Please copy exactly the part of the records below that opens with the line containing "двухстороннее полотнище с" and closes with the line containing "Tavaroiden kokonaiskulutuksen osalta", leaving out any pictures.

▶ **DATASET**
┄┄┄┄┄┄┄┄┄┄

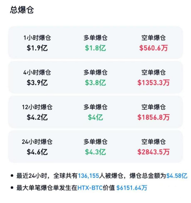 Coinglass数据显示,最近24小时内,加密货币市场超13万人被爆仓,爆仓总金额为4.58亿美元。其中,多单爆仓金额为4.3亿美元,空单爆仓金额为2843.5万美元。
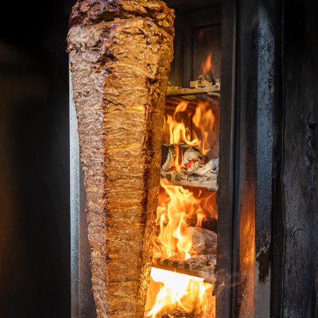 1 Kg de döner kebab de carne de res, servido con cebolla y cilantro, crema de ajo y tortillas.
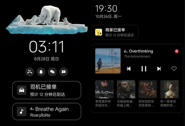除此之外,新系统还新增了诸如大文件夹、智慧息屏等功能,可以让手机在不同场景下的使用变得更高效。就拿智慧息屏来说,该功能可以在锁屏界面直接呈现外卖、加车、听歌等实时状态,让你平时无需再解锁手机点开APP进行操作,在锁屏界面即可完成相关体验,非常的高效方便,值得肯定。
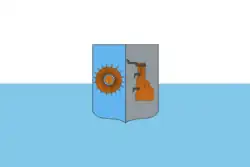 «Прямоугольное двухстороннее полотнище с отношением ширины к длине 2:3, состоящее из двух равных вертикальных полос голубого (у древка) и белого цвета. В середине голубой полосы — жёлтое сияющее солнце, а в середине белой — жёлтый руль с чёрной рукоятью и таковыми же креплениями».
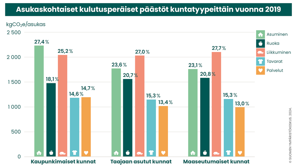 Tavaroiden kokonaiskulutuksen osalta aluetyyppien välillä ei ole merkittäviä eroja. Palveluihin liittyviä päästöjä muodostuu selvästi eniten kaupunkimaisissa kunnissa, joissa palveluja on enemmän tarjolla kuin maaseutumaisissa kunnissa.
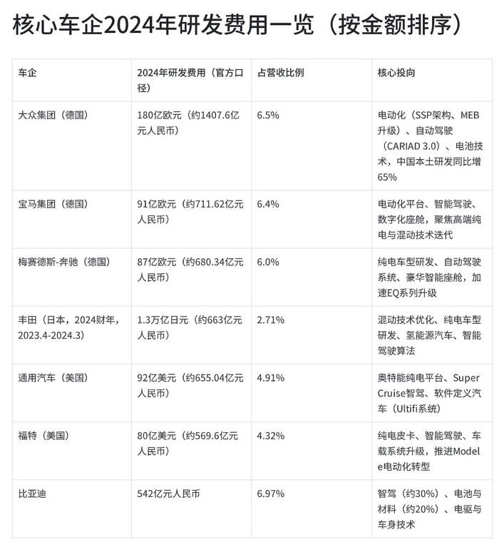 仅2024年,比亚迪研发投入达542亿元,超过特斯拉(约460亿元),成为全球研发投入最高的新能源车企。在全球车企研发投入排名中,比亚迪位列第七,紧追第六名福特,与大众、宝马、奔驰等国际巨头同处第一梯队。从研发强度看,比亚迪研发投入占营收比重达6.97%,高于大众(6.5%)、宝马(6.4%)、奔驰(6%),远超丰田的2.71%,位居全球前十车企之首。
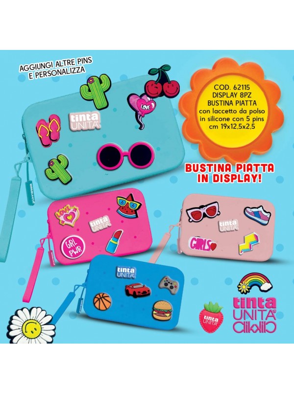 Bustina piatta pochette TintaUnita Clik per il tuo cellulare, trucchi e documenti

┄┄┄┄┄┄┄┄┄┄

▶ **RESPONSE TO THE TASK**
 «Прямоугольное двухстороннее полотнище с отношением ширины к длине 2:3, состоящее из двух равных вертикальных полос голубого (у древка) и белого цвета. В середине голубой полосы — жёлтое сияющее солнце, а в середине белой — жёлтый руль с чёрной рукоятью и таковыми же креплениями».
 Tavaroiden kokonaiskulutuksen osalta aluetyyppien välillä ei ole merkittäviä eroja. Palveluihin liittyviä päästöjä muodostuu selvästi eniten kaupunkimaisissa kunnissa, joissa palveluja on enemmän tarjolla kuin maaseutumaisissa kunnissa.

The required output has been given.